15:04 - the challenge case for both is "10, 10, 5, 4, 1" with the correct answer of 25. The trick here is that one needs to win the first two and draw the FOURTH in the worst case, while dzhulgakov only considered winning some largest ones and drawing some next largest ones.
15:08 - just one minute left, still no challenges on the hards. C'mon, Paul!
15:10 - Paul looked at the hards but decided not to challenge. ACRush got -25 in the final seconds.
15:10 - let's wait for the systests...
15:16 - ACRush seems to be pretty confident in his solutions. His only concern is the doubles he uses in the 500.
15:17 - ACRush has also told me that he didn't test his 1000 at all except the examples, but he doesn't think there'll be any TL issues.
15:18 - I think I will take a break now before the results are announced.
16:00 - rng_58 is the champion!

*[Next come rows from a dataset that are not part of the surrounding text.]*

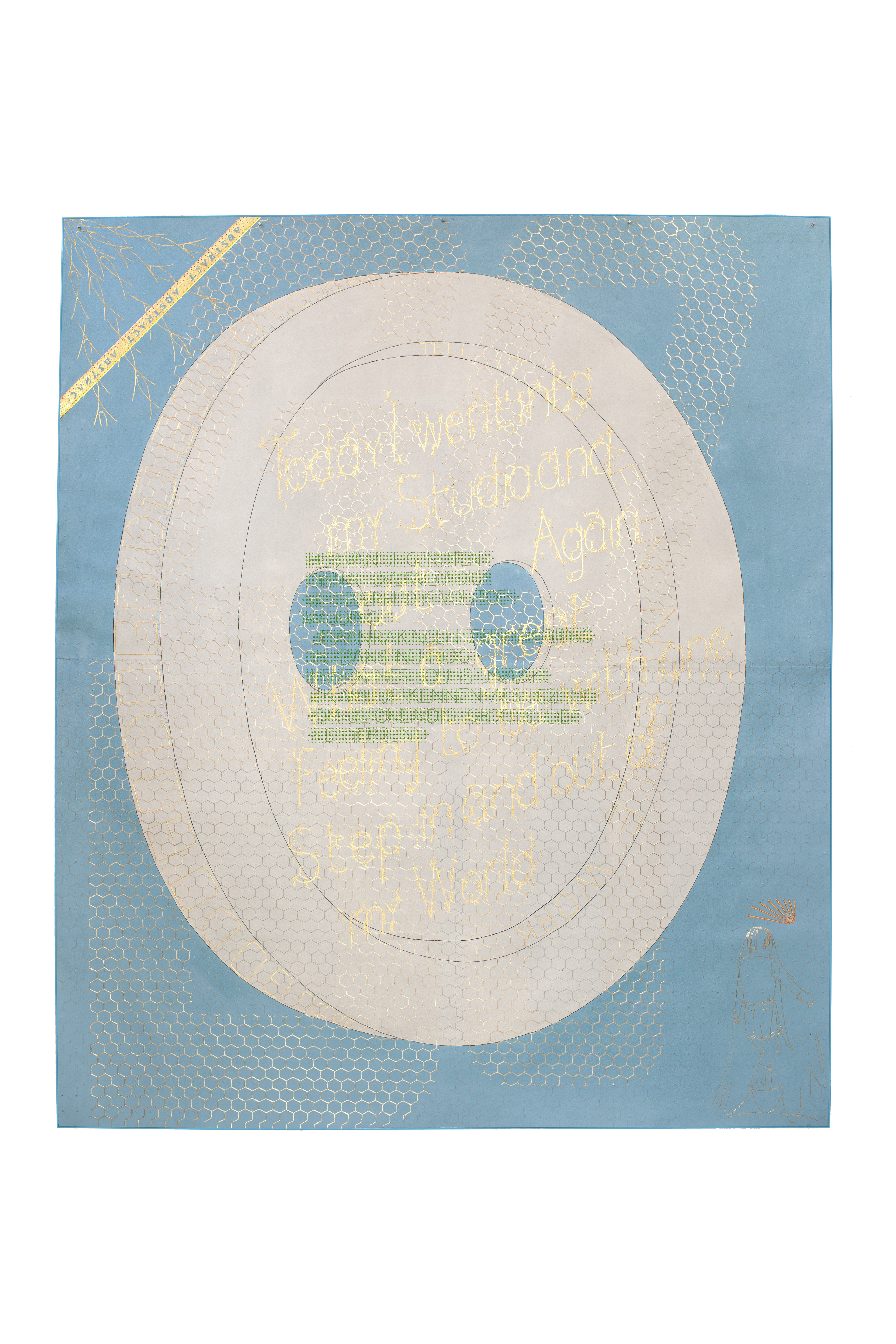 Coloured pencil, egg tempera, gold leaf, palladium and platina on paper (600 grams)
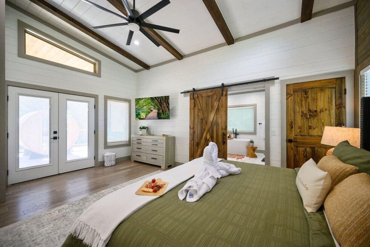 Welcome to Treetop Twosome, a quiet hideaway set high in the pines. This warm and stylish cabin is made for two and gives you the perfect mix of comfort and privacy. Enjoy slow mornings, soft evenings by the fire and peaceful moments surrounded by the forest. Dogs are welcome too.What You’ll Love
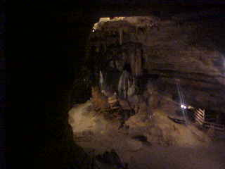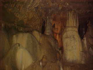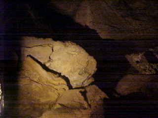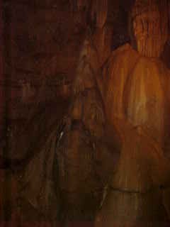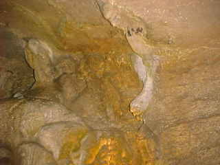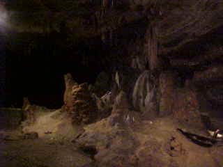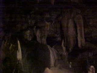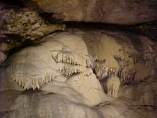 More flow stone in the Grand Ballroom and in the right hand corner is Jaws from the film "Jaws".
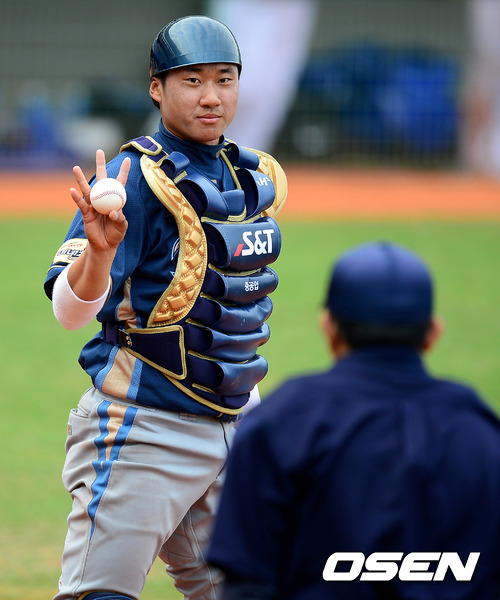 8회말 1사 만루에서 NC 김태군이 대표팀 이진영의 내야땅볼에 손시헌을 홈에서 태그아웃하고 심판에 볼 교환을 요구하고 있다./jpnews@osen.co.kr
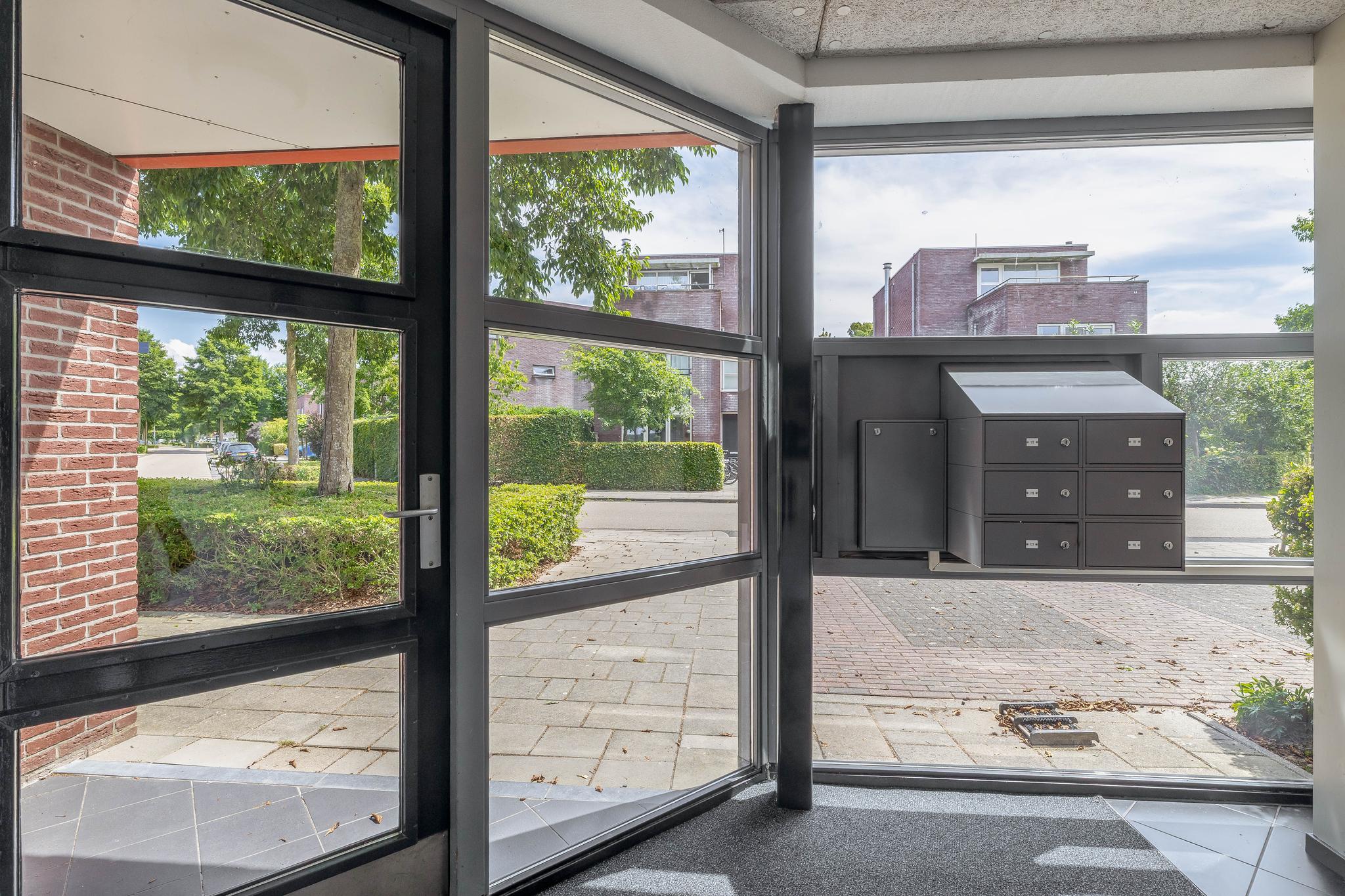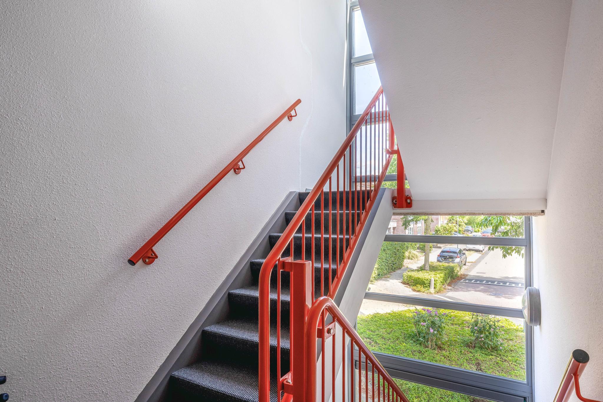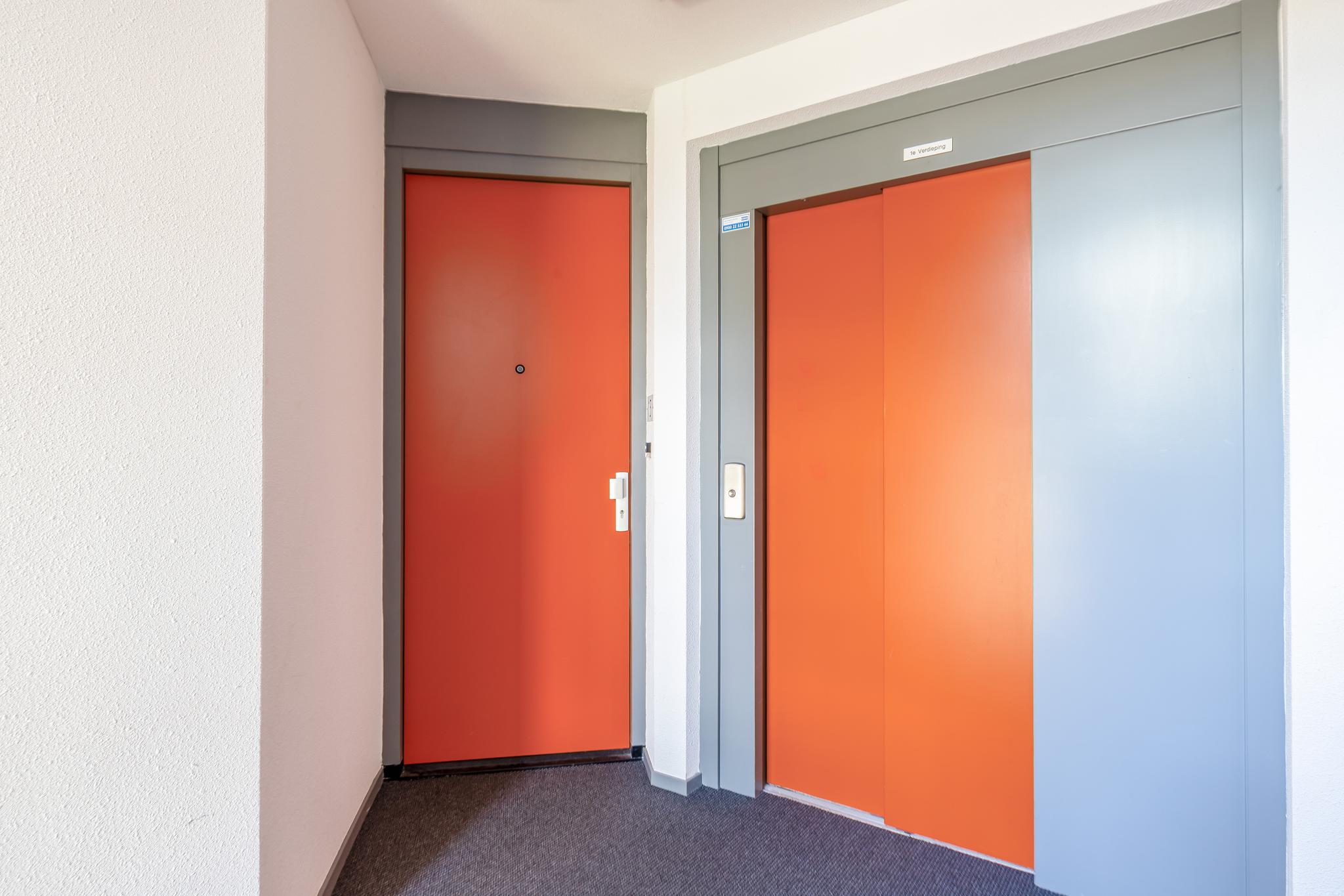 Complex: Gesloten entree met brievenbussen, liftinstallatie en trapopgang naar de appartementen.

ACRush's hard, Paul's easy and liympanda's medium failed, all others passed.
16:01 - wata is the Marathon champion! chokudai is second, doudouille is third. Go Japan!
16:03 - as expected, Margarita is the Mod Dash champion!
16:05 - and djackmania is the Studio champion! I think that's it for today's live coverage. However, please check this blog later for some videos of the event.